YOUR OBJECTIVE:
Write every entry out again with no changes, and leave the images behind.

[Source data]
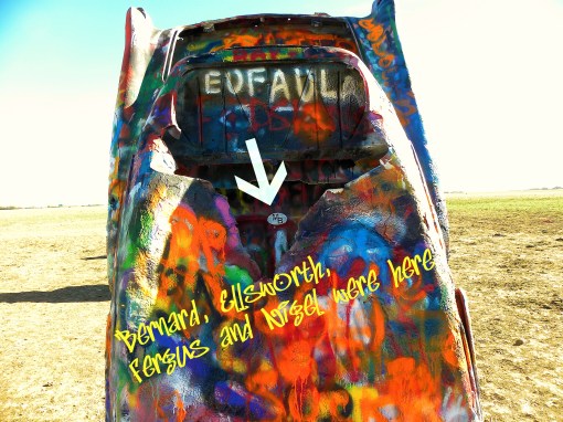 It’s a monument to the American dream on Route 66, pointed west.  The cars are buried in chronological order, from a 1949 Club Coupe to a 1963 Sedan de Ville.
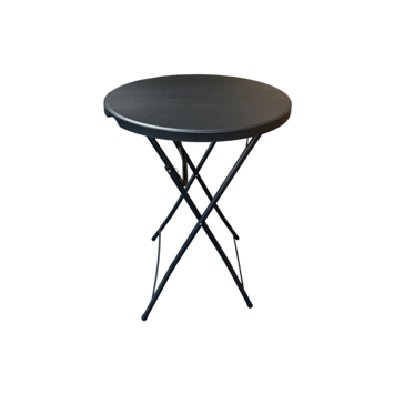 De zwarte statafel van 110 cm hoog biedt plaats aan 5 personen en geeft een handige plek voor drank of hapjes. Het ronde blad van 80 cm diameter is 4,5 cm dik en van HDPE, stevig en makkelijk af te nemen. Het stalen frame zorgt voor stabiliteit en het opvouwbare ontwerp maakt opbergen eenvoudig. Perfect voor een borrel, tuinfeest of evenement in je tuin of op het terras.
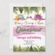 Um convite de aniversário da selva de dinossauros, rosa e dourada.
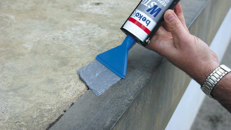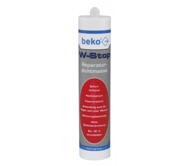 Die Dichtflächen von Schmutz und losen Teilen befreien. beko W-Stop mit einem Pinsel oder einer Spachtel dick auftragen und rechtwinklig zum Riss verstreichen. beko W-Stop dichtet sofort und bei jedem Wetter, auch auf feuchten Oberflächen und sogar unter Wasser. In extremen Fällen Glasvlies einlegen bzw. nach ein paar Tagen eine zweite Schicht beko W-Stop aufbringen. Poröse Untergründe möglichst grundieren.
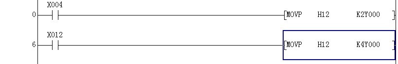 MOVP   H12   K2Y000是將十六進制12傳送給Y000——Y007(八位),MOVP   H12    K4Y000是將十六進制12傳送給Y000——Y017(十六位)
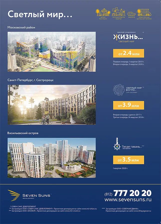 В-третьих, бонусом могут идти прекрасные виды из окон, причем не только в премиальных домах, как на Петровском острове, но и в обычном комфорт-классе, как на Октябрьской набережной. В качестве эталона назовем уже построенный жилой комплекс «Светлый мир “О’Юность…”» (Seven Suns Development), в котором отличными видовыми характеристиками обладает более половины квартир.

FINISHED EXERCISE:
 It’s a monument to the American dream on Route 66, pointed west.  The cars are buried in chronological order, from a 1949 Club Coupe to a 1963 Sedan de Ville.
 De zwarte statafel van 110 cm hoog biedt plaats aan 5 personen en geeft een handige plek voor drank of hapjes. Het ronde blad van 80 cm diameter is 4,5 cm dik en van HDPE, stevig en makkelijk af te nemen. Het stalen frame zorgt voor stabiliteit en het opvouwbare ontwerp maakt opbergen eenvoudig. Perfect voor een borrel, tuinfeest of evenement in je tuin of op het terras.
 Um convite de aniversário da selva de dinossauros, rosa e dourada.
 Die Dichtflächen von Schmutz und losen Teilen befreien. beko W-Stop mit einem Pinsel oder einer Spachtel dick auftragen und rechtwinklig zum Riss verstreichen. beko W-Stop dichtet sofort und bei jedem Wetter, auch auf feuchten Oberflächen und sogar unter Wasser. In extremen Fällen Glasvlies einlegen bzw. nach ein paar Tagen eine zweite Schicht beko W-Stop aufbringen. Poröse Untergründe möglichst grundieren.
 MOVP   H12   K2Y000是將十六進制12傳送給Y000——Y007(八位),MOVP   H12    K4Y000是將十六進制12傳送給Y000——Y017(十六位)
 В-третьих, бонусом могут идти прекрасные виды из окон, причем не только в премиальных домах, как на Петровском острове, но и в обычном комфорт-классе, как на Октябрьской набережной. В качестве эталона назовем уже построенный жилой комплекс «Светлый мир “О’Юность…”» (Seven Suns Development), в котором отличными видовыми характеристиками обладает более половины квартир.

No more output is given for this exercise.